Marrero has a high home ownership rate, but many homeowners are struggling these days. Take Blanchard. Rotten boards are falling off the back and side of the house that she’s owned for 20 years. One area has gotten so decrepit she can see daylight: She finally stuffed a towel into the hole to block the outside air.

Blanchard is in good company in Marrero, where many other neighbors also seem to have skipped on maintenance. While Marrero makes up only 7 percent of Jefferson Parish households, it racked up 17 percent of the code violations, according to the parish’s code-enforcement office.

The Jefferson Parish Housing Rehab Program for owner-occupied properties took 219 applications in one month last year, but had enough money to fix only 30 homes, said Detrich Hebert, director of the Department of Community Development.

Louis Schneider, a director at the nonprofit Neighborhood Housing Services in New Orleans, said his agency has identified a metrowide need for repair assistance, especially for elderly people who are “aging in place.” But while his agency has designed a program and is entering names into its database whenever people call, the program still remains unfunded.

Meanwhile, it’s hard for many of Schneider’s would-be clients to reach him.
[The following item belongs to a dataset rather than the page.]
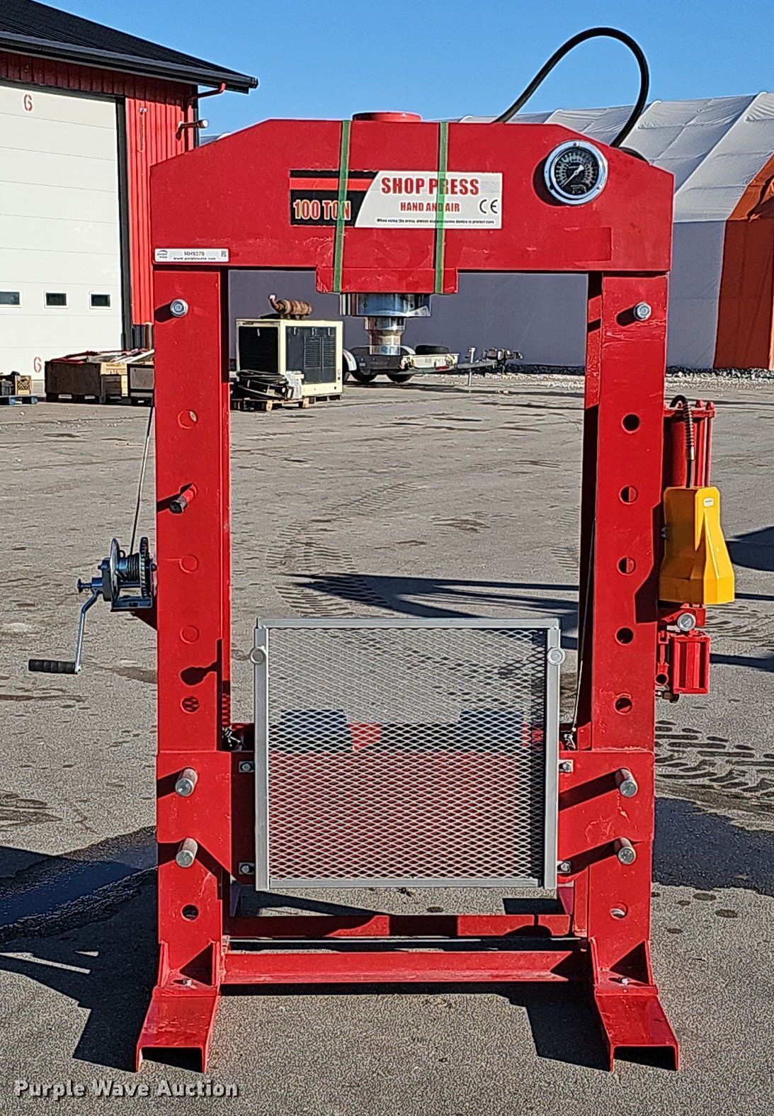 Purple Wave is selling a used Tools in Nebraska. This item is a Hydraulic press with the following: 43 1/2"L x 39 1/4" W x 76"H, Manual winch, Manual height adjust, Working width: 12", Unused

If Blanchard wanted to visit his office in New Orleans, she would have to hop on a Jefferson Express Transit bus and pay one fare that would get her to the city. Then she’d have to pay another fee for the New Orleans bus, run by the Regional Transit Authority. There are no transfers across the two systems.

JET Director Ryan Brown said he’d like to see a more regional approach, adding that he meets with the RTA regularly. But because they’re two separate entities, allowing transfers between the lines would mean “everyone would lose money,” he said.

Stretching dollars

Josie Coleman retired recently after working 37 years as a surgical nursing assistant at West Jefferson Medical Center. A native of Mississippi, Coleman, 65, moved to Marrero 50 years ago, when it was still mostly woods and the West Bank Expressway had just two lanes. She raised her three children there.

Every night after work, she took her children to the park, where she volunteered at the concession stand while the children played ball.

Coleman prides herself on paying bills on time. But after Katrina, she began feeling overwhelmed.

“After the second week of the month, I wouldn’t have nothing,” she said. “So I’d go without.”

In late 2005, she signed up for a Section 8 voucher through the Jefferson Parish Housing Authority to help pay her rent. She was No. 3,100 on the list, she said. This fall, her number finally came up.

“Now I can keep up,” she said.

But that doesn’t mean she can sit still. Coleman volunteers five days a week at the Marrero Community Center, where she sees many of the kids who bought popcorn and cold drinks from her decades ago. Though she never asks, they often tell her what brought them to the center: layoffs, sickness, mounting bills.

Each time, Coleman hugs them and ends the conversation the same way. “I know it’s hard, baby,” she says.